Ultimamente, os nossos deputados e senadores falam o tempo todo em ética e honra. Parece que falam por falar, sem convicção alguma, nem consciência de seus significados práticos, dando a impressão que usam estas palavras apenas porque são politicamente corretas e precisam criar uma imagem de moralidade e de credibilidade.

A ética está ligada aos valores morais e aos princípios ideais da conduta humana, cujas normas regem as relações entre os diversos membros da sociedade. A honra é o sentimento que leva o homem a procurar merecer e manter a consideração pública. Uma pessoa honrada é aquela que ilustra a classe, a instituição ou o país a que pertence.

Com base nestas significações, fica muito difícil para qualquer brasileiro imaginar que nossos políticos sejam portadores de tais virtudes, ainda mais, agora, com toda a lavagem de roupa suja exposta em rede nacional. Para não fazer uma generalização injusta, até acredito que existam políticos éticos e honrados, mas ofuscados e oprimidos pelo gigantismo dos esquemas de corrupção e proteção vigentes.

As imagens da TV mostram que os políticos indiciados nas CPIs apresentam-se como incorruptíveis, donos da verdade e benfeitores públicos, que, paradoxalmente, exigem punição a quem quer que seja, doa a quem doer. Desta forma, parece que não há culpados no parlamento brasileiro, visto que álibis são forjados, desculpas armadas e estórias criadas, tudo para justificar o injustificável.

As comissões de ética e CPIs atuam morosamente e de forma paternalista e corporativista, patinando na lama e ganhando tempo para que a impunidade seja a grande vencedora. Para agravar o funesto quadro político atual, o presidente da Câmara preconiza o abrandamento das penas para os corruptos e ladrões do dinheiro público. Os parlamentares acusados de corrupção fazem manobras imorais para salvar seus mandatos. Ninguém quer largar o osso. O presidente da república declara que nada sabe e que ninguém pode discutir ética com ele. As CPIs mostram as evidências de um esquema que envolve bilhões de reais e milhares de cargos públicos e ninguém foi punido, cassado ou preso até agora.

Diante deste cenário kafkiano, lembrei-me dos samurais, que existem há mais de 10 séculos no Japão e se destacaram por seguirem um rígido código de honra, servindo seus senhores com lealdade, jamais aceitando a derrota e colocando a própria vida acima de tudo. No passado, os samurais faziam parte da política e das atividades administrativas, eram respeitados pela sociedade e aqueles que não cumpriam as ordens eram punidos. O código de honra era seguido pelos samurais e quando não conseguiam realizar sua missão, ou eram capturados pelos inimigos, sentiam-se desonrados e preferiam a morte. Eles praticavam o conhecido haraquiri, que consistia em cortar a barriga com uma pequena espada chamada wakizashi.

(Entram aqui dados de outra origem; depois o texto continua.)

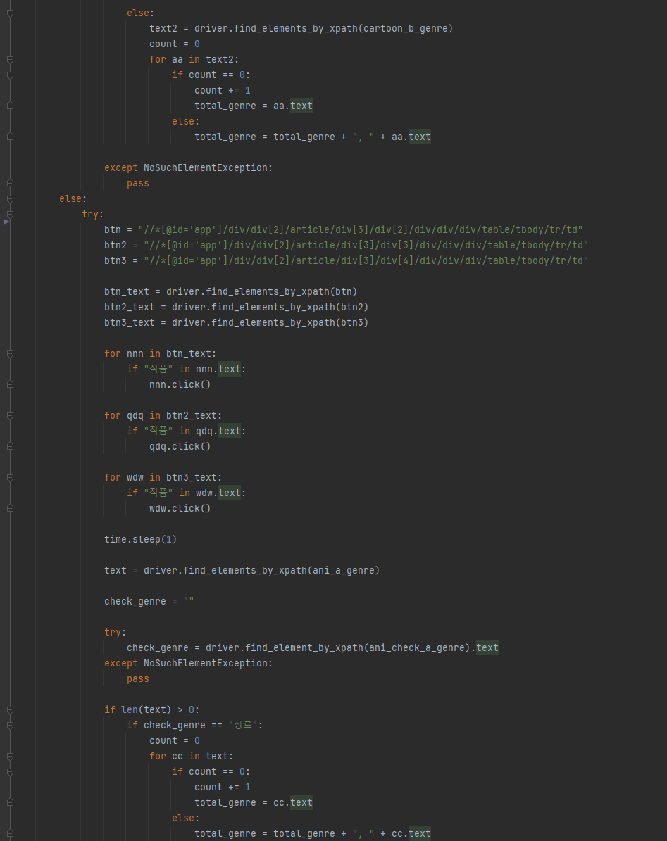 애니메이션 추천을 위해서 장르를 크롤링하고있는데, 나무위키를 통해서 추출하고있다.
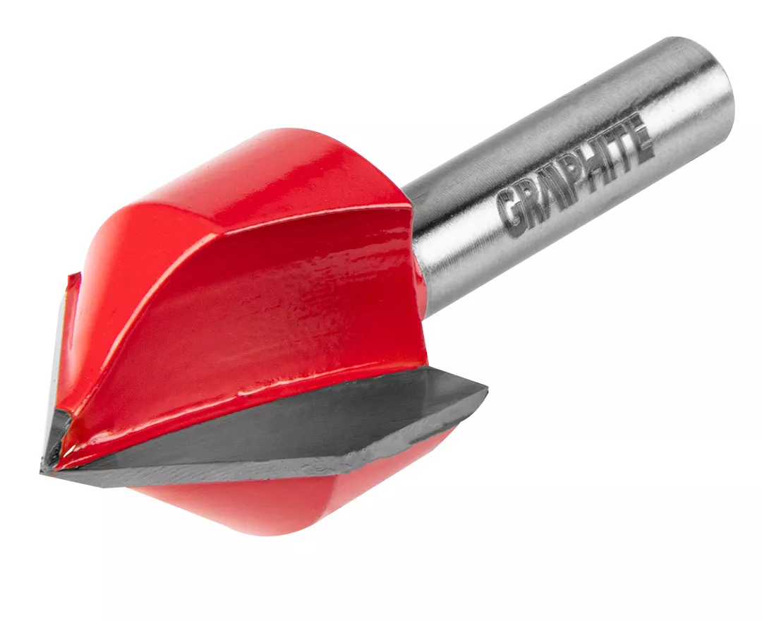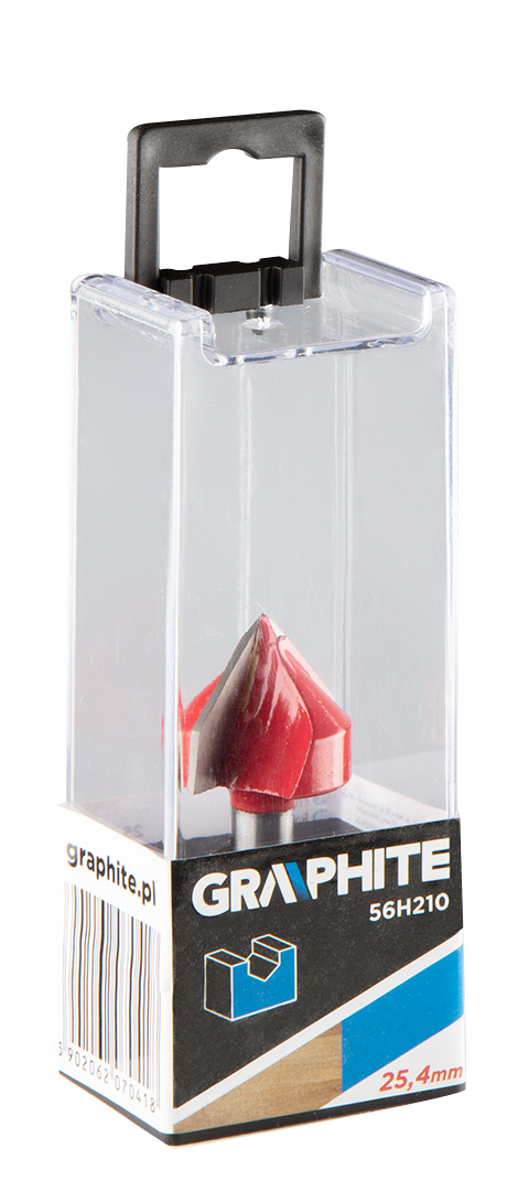 Frez do rowków typu V, HM, 25.4 x 25.4 mm, trzpień 8 mm GRAPHITE (nr ref. 56H210) przeznaczony do precyzyjnej obróbki m.in. drewna, PCV, płyt wiórowych przy pomocy frezarek górnowrzecionowych. Głowica wyposażona została w płytki skrawające wykonane z węglika spiekanego. Wymiary części roboczej: średnica 25.4 mm, wysokość 25.4 mm; średnica trzpienia 8 mm.
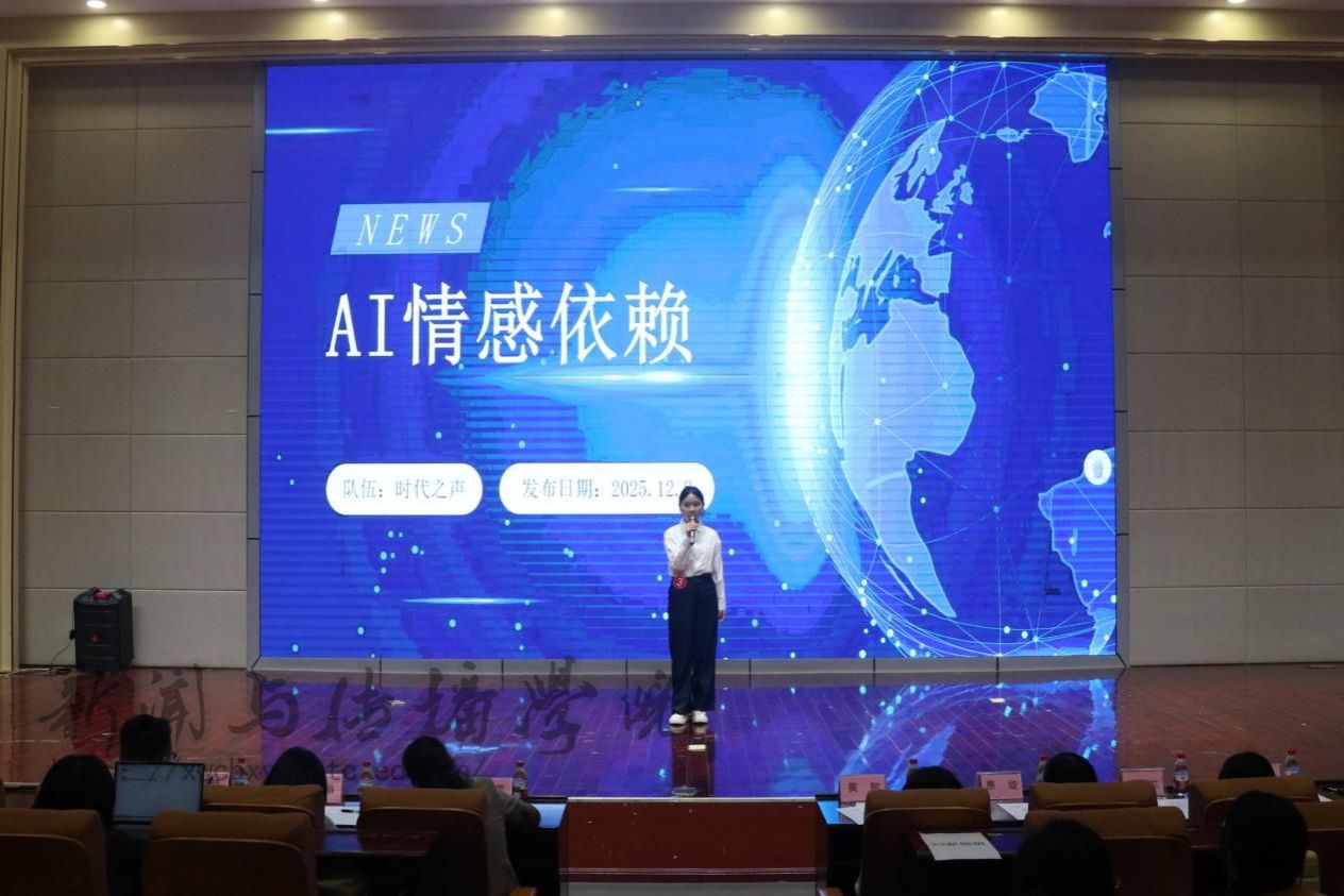 以“智启采访 AI见未来”为核心主题,大赛共设置“团队介绍”和“情景模拟采访”两大环节,重点考察选手的采访对话能力、批判性思维与新闻采写实践素养。第一环节限时3分钟内完成,各团队围绕“AI情感依赖”“大学生AI使用现状”等主题展开创意讲解。第二环节则是各团队结合预设场景与议题,还原专业采访全流程,通过角色互动展现AI对传媒业态的重塑。此环节重点考验选手的临场沟通、问题设计与情绪引导能力,各团队的真实感与思辨性获得评委认可。

Como não sou adepto do suicídio nem de qualquer tipo de violência, sugiro que nossos congressistas, membros do executivo e demais ocupantes de cargos públicos, dessemelhantes samurais tupiniquins, envolvidos em alguma modalidade de corrupção, incluindo aquelas ainda não descobertas, pratiquem o haraquiri político, ou seja, renunciem a seus mandatos já e se aposentem da vida pública para sempre, abrindo espaço para a limpeza moral do Congresso Nacional e da política do país.